The main and the most important idea of the paper, in my opinion, is doing the task in visual space and estimating visual-motor model of the system by estimating the Jacobian of the “joint variables” to “features that can be seen”. It is interesting/important as doing so allows us not to estimate two models of world space->visual space and joint space->world space. Not only it is computationally advantageous, but also it might be more robust. There are some other important things in this paper such as using that model to predict the manipulator’s movement in the visual world and the idea of virtual tool and using it to solve a complete task. In addition, there is emphasis on tele-assistance and the way human can guide the robot to do tasks.
Let me go to details and point out some important aspects of the paper:
The paper starts with this question: “What makes the human able to effortlessly move and perform manipulation in natural and non-engineering environments where robots fail?” and it answers “… while robot manipulation tends to rely maximally on pre-programmed models and minimally on sensory information, the human need rely very little on a priori models, and typically relies maximally on sensory information”. Do I agree with this? Somehow yes, somehow no! I believe that robots tend to rely on pre-programmed models and this over-exaggerated insistence prevents them to be robust, adaptive, and creative in novel situations (the root of this problem stems from classical control theory which swerves cybernetics from what it intended to be). Classical approach to intelligence tries to model the world as exact as possible. It is very good to perform precisely predefined tasks, but it fails to work in noisy, uncertain, or new environments. Now, situated embodied robotics appears and solves this problem in some extent. This research exactly follows this way. It uses real robot that, by benefiting the interaction between itself and the environment, estimates the system’s model. However, this situated and embodied research track may not be that sufficient to explain the human competence. I believe that there is a need in different layers of abstraction to confront novel and difficult situations. Apparently, this belief stems from my interests in hierarchical structures and my probable research on abstraction.

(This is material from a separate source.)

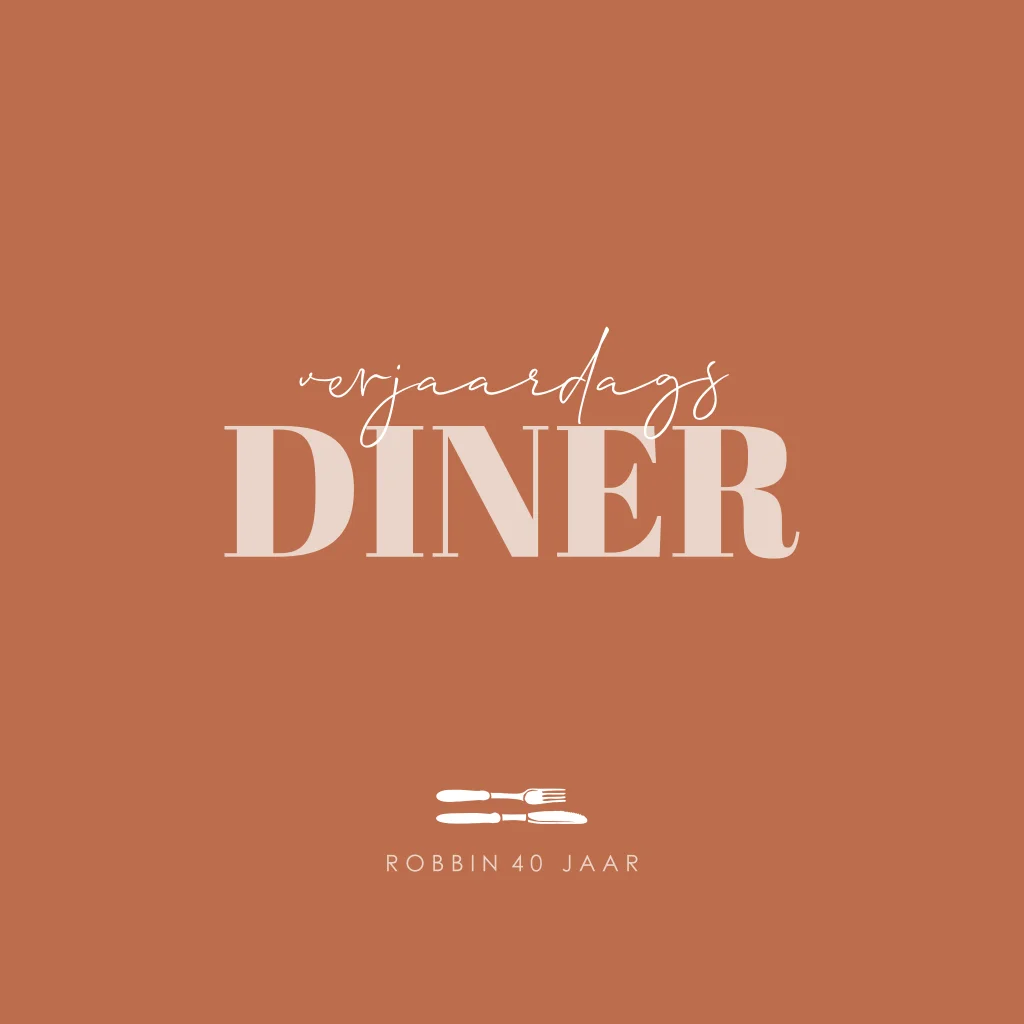 Minimalistisch design uitnodigingskaart voor een dinner party ter ere van je verjaardag: op een roestbruine achtergrond staat de tekst in wit in verschillende lettertypen, eronder een kleine illustratie van bestek. Een stoere uitnodiging waarbij de tekst meteen de aandacht trekt!

+The idea of defining a model agreement (used in (8)) is interested for me. I need to draw some curves with positive and negative second derivative of J_true to understand its meaning. It might be possible to estimate H_inf norm of J_error (=J_true – J_estimated) using deltaY_estimated and delta_X and then, use it to make a robust controller. However, I am not sure whether it is significantly better.

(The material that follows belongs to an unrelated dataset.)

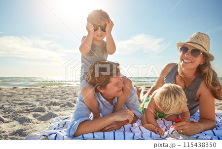 Portrait, piggyback or children with family at sea for vacation, holiday or summer together with parents. Father, mother or happy kids siblings at beach for bonding, love or playing by ocean to relax
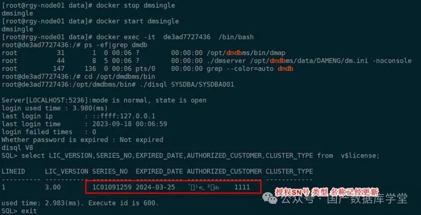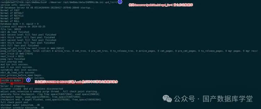 执行./dmserver opt/dmdbms/data/DAMENG/dm.ini upd_lic=1

+The paper uses an adaptive mechanism to change J. However, J is configuration dependent and its changes are due to both environment uncertainty and system changes (e.g. when the robot picks a box) and its configuration in space. Adapting a model that changes intrinsically is possible (as the paper reports), but it is not the best solution in my opinion. If I were him, I use a multi-model controller, i.e. something like adaptive gain scheduler. The system starts with a random (or some predefined) visual-motor estimation. When it moves along, it updates the model. However, when it moves sufficiently far, it stores the model in a model toolbox and makes a copy of the previous model and updates it afterward. This process continues for ever with some maintenance mechanism to prevent the toolbox to become too big. Whenever the robot comes close to the previously met state in the visual-space, it uses one of those acquired-before models. If the dynamics of the system were not changed in that duration, this new model acts very precisely.

+I wonder if it is possible to add learning to this problem and use tele-assistance as external critic to assess the performance. Primitive movements such as “alignment” can be considered as options and therefore, their sequencing can be learnt.

+It is interesting for me to know whether the estimation under control action generates persistent exciting (PE) vectors for Jacobian estimator (6) (Equation (6) seems to be a kind of projection algorithm). I think that the natural noise in the robotic task make the signals PE.